Заговорщики решили поторопиться и выбрали для проведения операции следующее воскресенье, приходившееся на 1 марта. Отныне группа должна была действовать так же слажено, как балетная труппа. Следовавшие один за другим аресты продемонстрировали всю неотложность осуществления задуманного. После потери революционным подпольем своих лидеров, во главе его встала Софья Перовская — решительная девушка, сумевшая распределить роли между организаторами покушения и грезившая о начале народного восстания, которое со смертью императора должно было поглотить царский режим. Бомбы были размещены по местам. От желавших принять участие в операции не было отбоя, а в авангарде движения, как это часто бывало в России, находились женщины. В связке с Софьей Перовской действовали Вера Фигнер и Александра Корба, товарка арестованного Михайлова. Все трое обнаруживали волю и дух жертвенности, свойственный русским женщинам и воспетый Некрасовым в начале 1870-х гг.
1 марта на Малой Садовой все было готово. Однако предвидя возможность возвращения императора по набережной Екатерининского канала, Софья Перовская заняла такую позицию, чтобы узнать об этом заранее и подать сигнал своим сообщникам с тем, чтобы группа бомбометателей переместилась на другой путь. Вместе с Верой Фигнер Перовская заранее распределила бомбы между нападавшими. Один из заговорщиков расположился рядом с лавкой торговца сыром, готовый привести в действие заложенную под землей мину, в то время как бомбометатели встали на заранее для них отведенные места.
Император, завершив свой визит в манеж, покинул его и по совету своей супруги, направился в сторону Екатерининского канала. Не добившись от Александра согласия вовсе отказаться от его еженедельной прогулки, Екатерина сочла этот маршрут более безопасным, чем тот, что пролегал по Невскому проспекту. Заговорщики заметили изменение маршрута лишь в последний момент, поскольку император сначала заехал к своей кузине, великой княгине Екатерине, где ему подали чай в то самое время, когда его поджидали заговорщики, которых мало-помалу начинали охватывать сомнения.
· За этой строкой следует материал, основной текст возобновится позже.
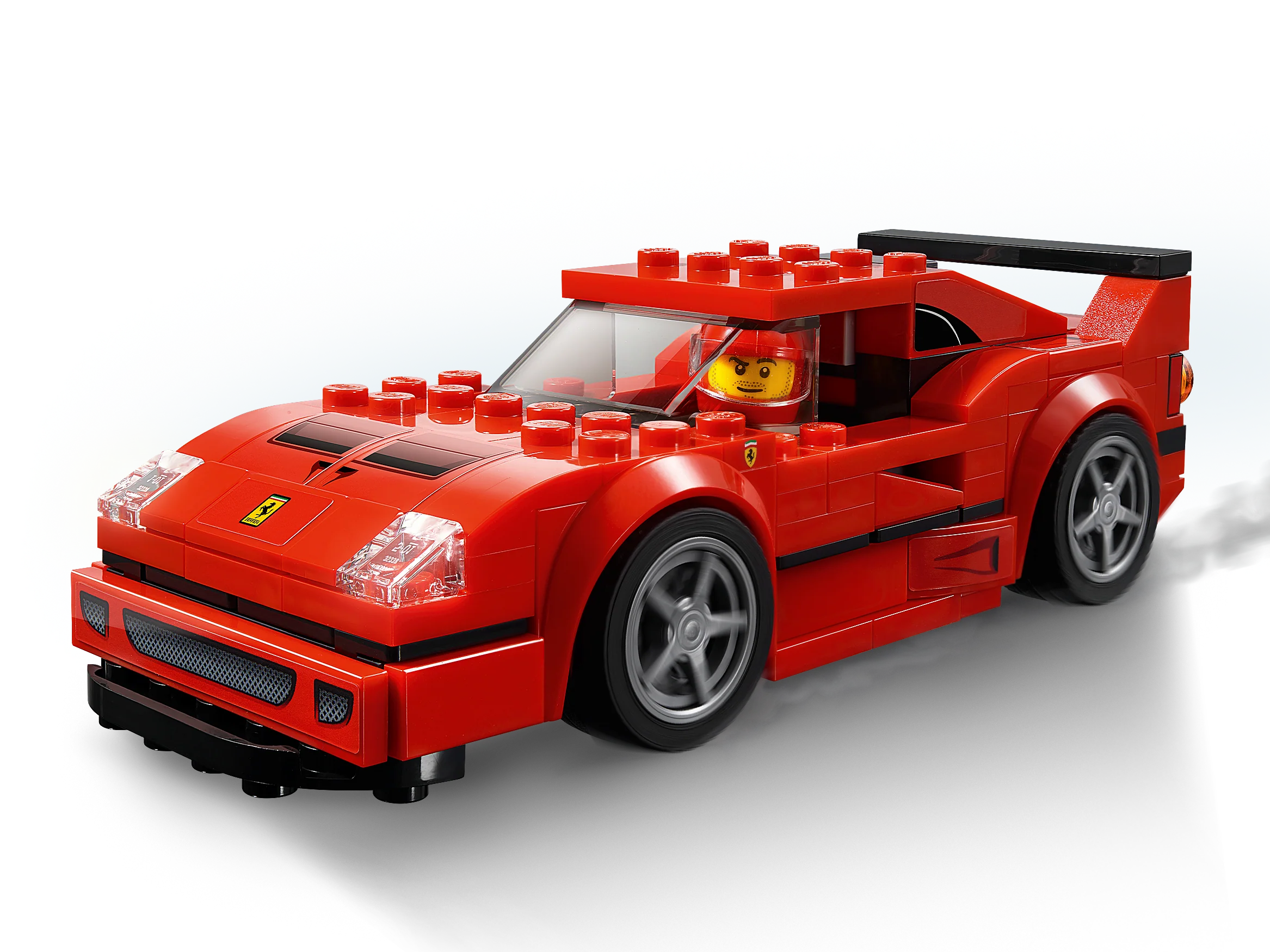 - The race-ready, buildable Ferrari F40 Competizione vehicle features a minifigure cockpit with removable windshield, wheels with rubber racing tires, translucent light-style elements, racing colors, authentic design details, plus interchangeable hoods and rear spoilers.

Когда Александр снова появился, было два часа дня. Софья Перовская подала сообщникам условный сигнал — взмах платком, призывавший занять позиции вдоль канала. Их было трое: Рысаков, которому было поручено метнуть первую бомбу, поскольку рабочий Тимофей Михайлов, которому была отведена столь почетная роль в операции, в последний момент ретировался с поля битвы, а также студенты Игнатий Гриневицкий и Иван Емельянов, бывшие чуть старше Рысакова. Все они вызвались добровольно и были готовы убить и умереть, если потребуется. Отсутствие Михайлова, которому Желябов доверил в случае необходимости открыть стрельбу, создавало трудности в двух отношениях: данная задача была возложена на него с целью привлечь к участию в покушении «рабочий элемент»; кроме того, заговорщикам не хватало еще одного человека с бомбой. Связанный с Екатерининским каналом план № 2, по которому следовало действовать в сложившихся обстоятельствах, предполагал более непосредственное участие самих исполнителей. Рысаков, бросивший, как и полагалось, первую бомбу, был тут же задержан, но у него оказалось достаточно времени, чтобы предупредить Гриневицкого, чья бомба попала в императора. При этом сам нападавший был также смертельно ранен.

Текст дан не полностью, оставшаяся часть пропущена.